Optical Transformers
Maxwell G. Anderson, Shi-Yuan Ma, Tianyu Wang, Logan G. Wright, Peter L. McMahon
TL;DR
This work investigates the feasibility of running Transformer operations on optical hardware to dramatically reduce energy consumption for large-scale models. By combining real optical experiments with calibrated simulations, the authors show that linear Transformer computations can operate under optical noise and imprecision, and they derive scaling laws indicating an energy cost per MAC that scales as $\frac{1}{d}$ with model width. Their results suggest substantial energy advantages over digital processors, potentially exceeding $100\times$ for current large models and reaching orders of magnitude beyond future quadrillion-parameter models, contingent on hardware scaling and low-precision strategies. The study also analyzes design implications for optical neural-network accelerators, including data-access costs, memory strategies, and architecture trends, and discusses a roadmap towards scalable, optics-based deep learning with Transformers. Overall, optical accelerators emerge as a plausible path to massively more energy-efficient inference for very large Transformers, provided future hardware can achieve the necessary density, speed, and memory integration.
Abstract
The rapidly increasing size of deep-learning models has caused renewed and growing interest in alternatives to digital computers to dramatically reduce the energy cost of running state-of-the-art neural networks.

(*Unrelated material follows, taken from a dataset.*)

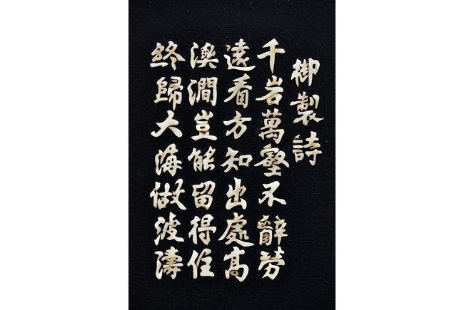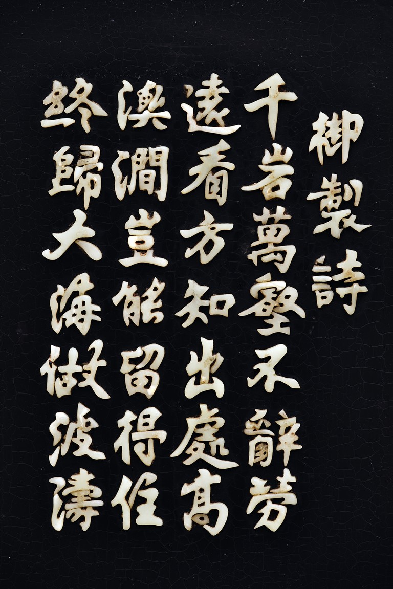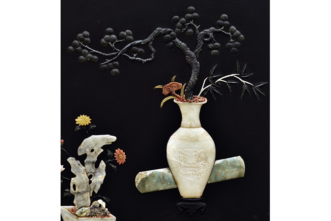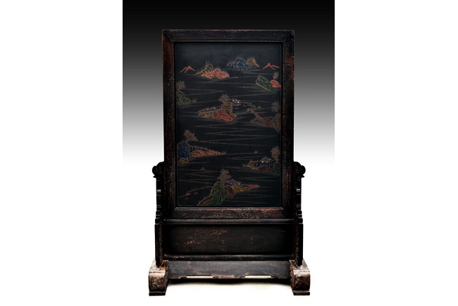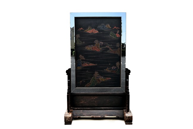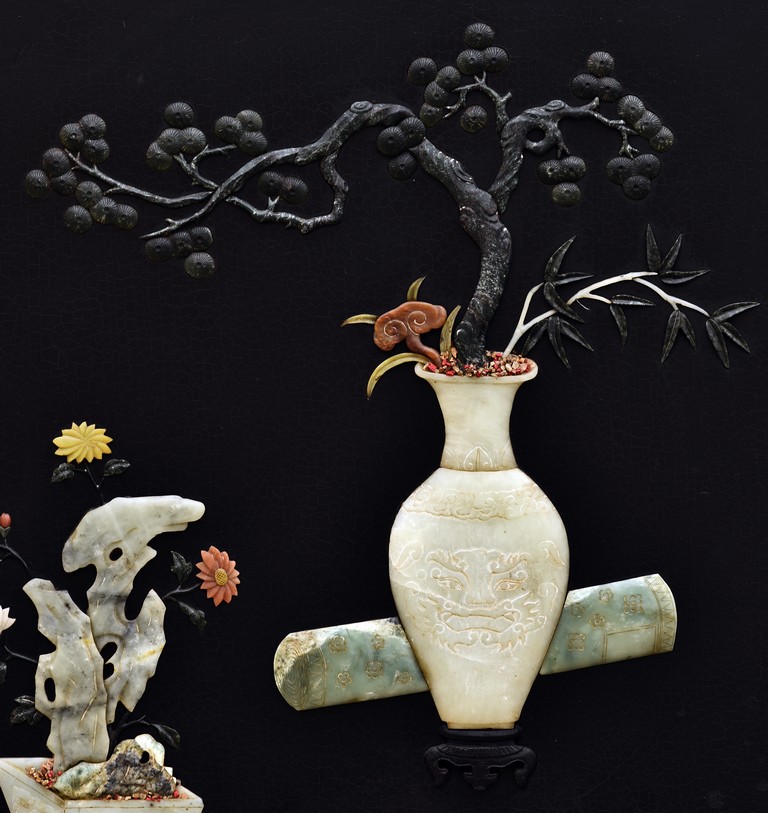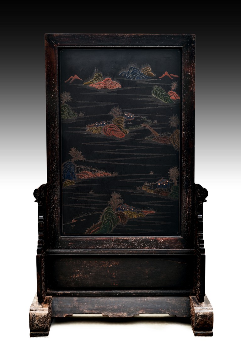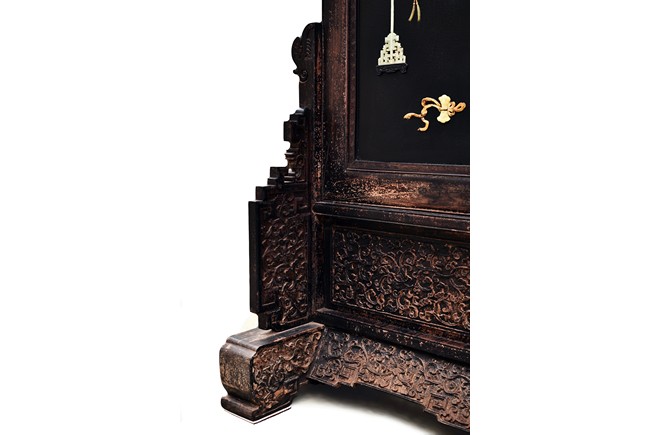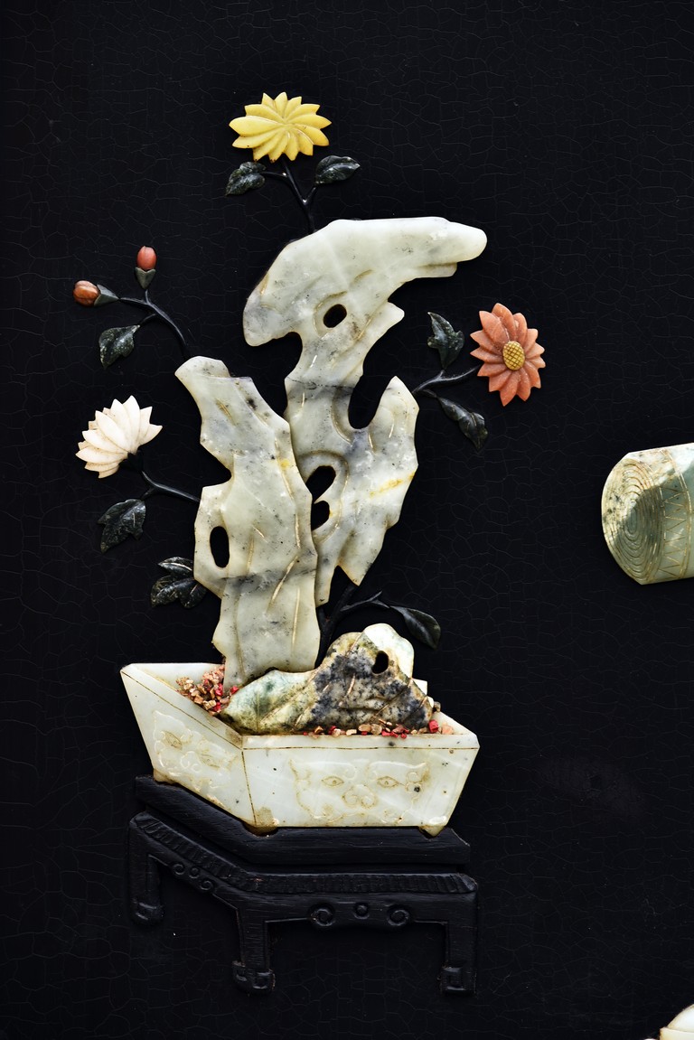 The panel is finely inlaid in white jade,yellow jade,spinach jade,black jade,and agate with precious and scholarly objects,including a yellow jade elephant,back draped with white jade and agate blanket,supporting a spinach jade vase containing flower and leaves; an archaistic white jade vessel ding and a spinach jade ruyi with yellow jade tassel; a white jade 'buddhist hand' on a black jade stand,etc. The upper right hand further embellished in white jade with an imperial poem. The reverse gilt-painted with scene of mountains and islands landscape,all reserved on black lacquer ground and set into a hongmu base carved on the aprons and spandrels with intricate stylized floral scrolls. Qing Dynasty period.

Optical matrix-vector multipliers are best suited to performing computations with very large operands, which suggests that large Transformer models could be a good target for optical computing. To test this idea, we performed small-scale optical experiments with a prototype accelerator to demonstrate that Transformer operations can run on optical hardware despite noise and errors. Using simulations, validated by our experiments, we then explored the energy efficiency of optical implementations of Transformers and identified scaling laws for model performance with respect to optical energy usage. We found that the optical energy per multiply-accumulate (MAC) scales as $\frac{1}{d}$ where $d$ is the Transformer width, an asymptotic advantage over digital systems. We conclude that with well-engineered, large-scale optical hardware, it may be possible to achieve a $100 \times$ energy-efficiency advantage for running some of the largest current Transformer models, and that if both the models and the optical hardware are scaled to the quadrillion-parameter regime, optical computers could have a $>8,000\times$ energy-efficiency advantage over state-of-the-art digital-electronic processors that achieve 300 fJ/MAC. We analyzed how these results motivate and inform the construction of future optical accelerators along with optics-amenable deep-learning approaches. With assumptions about future improvements to electronics and Transformer quantization techniques (5$\times$ cheaper memory access, double the digital--analog conversion efficiency, and 4-bit precision), we estimated that optical computers' advantage against current 300-fJ/MAC digital processors could grow to $>100,000\times$.